━━━ DATASET ENTRIES ━━━
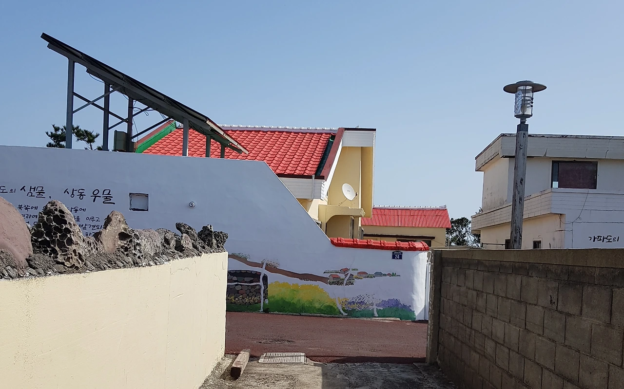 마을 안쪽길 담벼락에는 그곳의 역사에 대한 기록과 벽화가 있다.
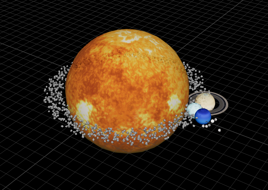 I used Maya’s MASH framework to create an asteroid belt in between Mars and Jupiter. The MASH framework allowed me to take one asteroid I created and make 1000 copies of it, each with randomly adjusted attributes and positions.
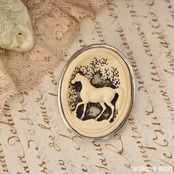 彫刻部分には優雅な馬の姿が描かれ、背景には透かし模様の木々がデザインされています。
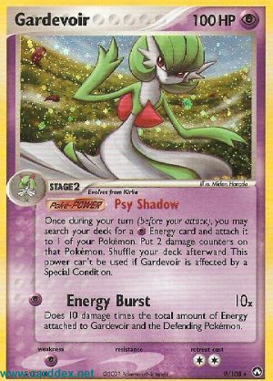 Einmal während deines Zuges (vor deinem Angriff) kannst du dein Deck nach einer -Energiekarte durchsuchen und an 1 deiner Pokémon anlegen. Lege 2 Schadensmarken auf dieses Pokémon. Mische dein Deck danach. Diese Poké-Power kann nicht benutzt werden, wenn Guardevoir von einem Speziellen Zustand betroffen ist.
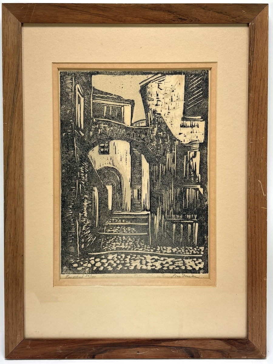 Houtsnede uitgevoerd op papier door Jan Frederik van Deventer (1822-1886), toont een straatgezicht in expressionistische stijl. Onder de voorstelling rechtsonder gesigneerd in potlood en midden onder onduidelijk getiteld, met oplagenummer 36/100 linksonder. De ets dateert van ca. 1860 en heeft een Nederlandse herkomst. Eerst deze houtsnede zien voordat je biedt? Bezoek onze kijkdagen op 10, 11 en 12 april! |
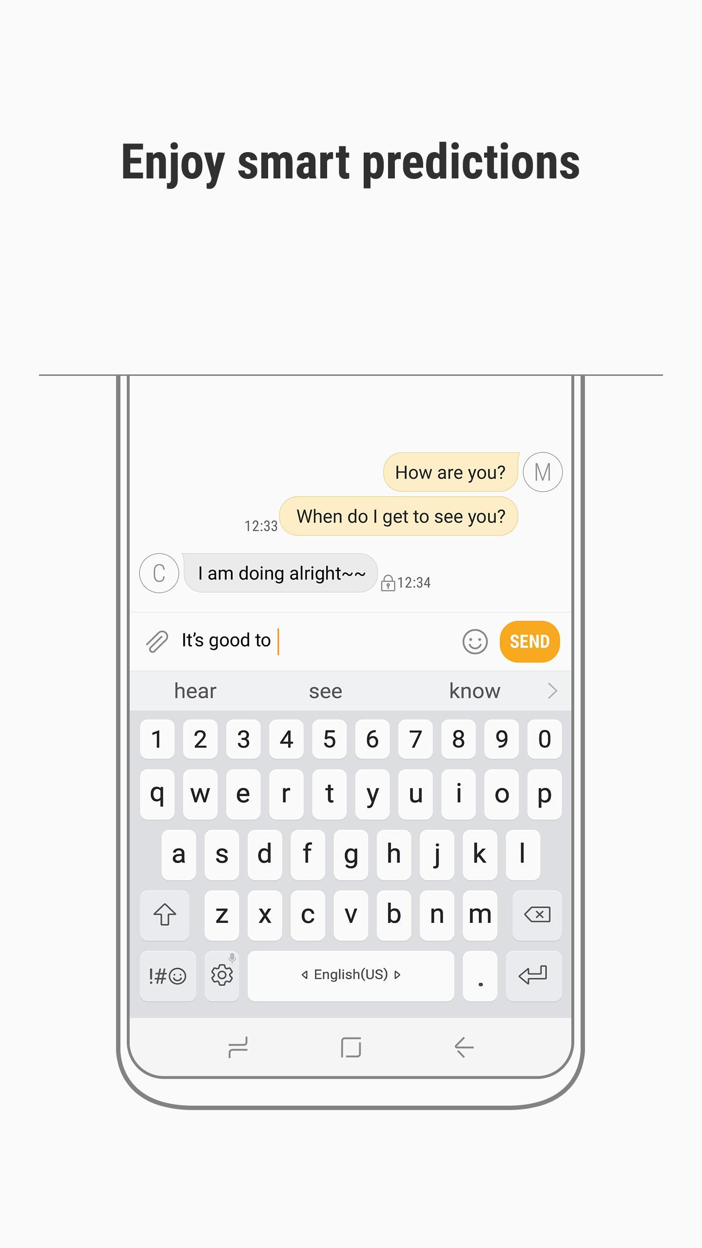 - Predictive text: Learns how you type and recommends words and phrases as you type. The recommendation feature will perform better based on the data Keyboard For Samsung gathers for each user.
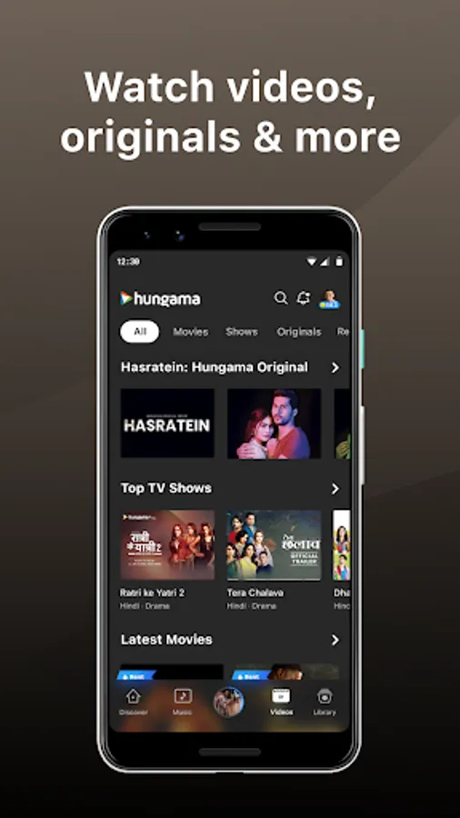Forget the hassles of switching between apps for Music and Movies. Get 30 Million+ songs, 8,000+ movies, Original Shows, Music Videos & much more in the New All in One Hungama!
━━━
> _WHAT THIS TASK INVOLVES_
The answer must be the lines above from the line that contains "彫刻部分には優雅な馬の姿が描" to the final line of the data, word for word, with no pictures.

> _ANSWER TO THE PROBLEM_
 彫刻部分には優雅な馬の姿が描かれ、背景には透かし模様の木々がデザインされています。
 Einmal während deines Zuges (vor deinem Angriff) kannst du dein Deck nach einer -Energiekarte durchsuchen und an 1 deiner Pokémon anlegen. Lege 2 Schadensmarken auf dieses Pokémon. Mische dein Deck danach. Diese Poké-Power kann nicht benutzt werden, wenn Guardevoir von einem Speziellen Zustand betroffen ist.
 Houtsnede uitgevoerd op papier door Jan Frederik van Deventer (1822-1886), toont een straatgezicht in expressionistische stijl. Onder de voorstelling rechtsonder gesigneerd in potlood en midden onder onduidelijk getiteld, met oplagenummer 36/100 linksonder. De ets dateert van ca. 1860 en heeft een Nederlandse herkomst. Eerst deze houtsnede zien voordat je biedt? Bezoek onze kijkdagen op 10, 11 en 12 april! |
 - Predictive text: Learns how you type and recommends words and phrases as you type. The recommendation feature will perform better based on the data Keyboard For Samsung gathers for each user.
Forget the hassles of switching between apps for Music and Movies. Get 30 Million+ songs, 8,000+ movies, Original Shows, Music Videos & much more in the New All in One Hungama!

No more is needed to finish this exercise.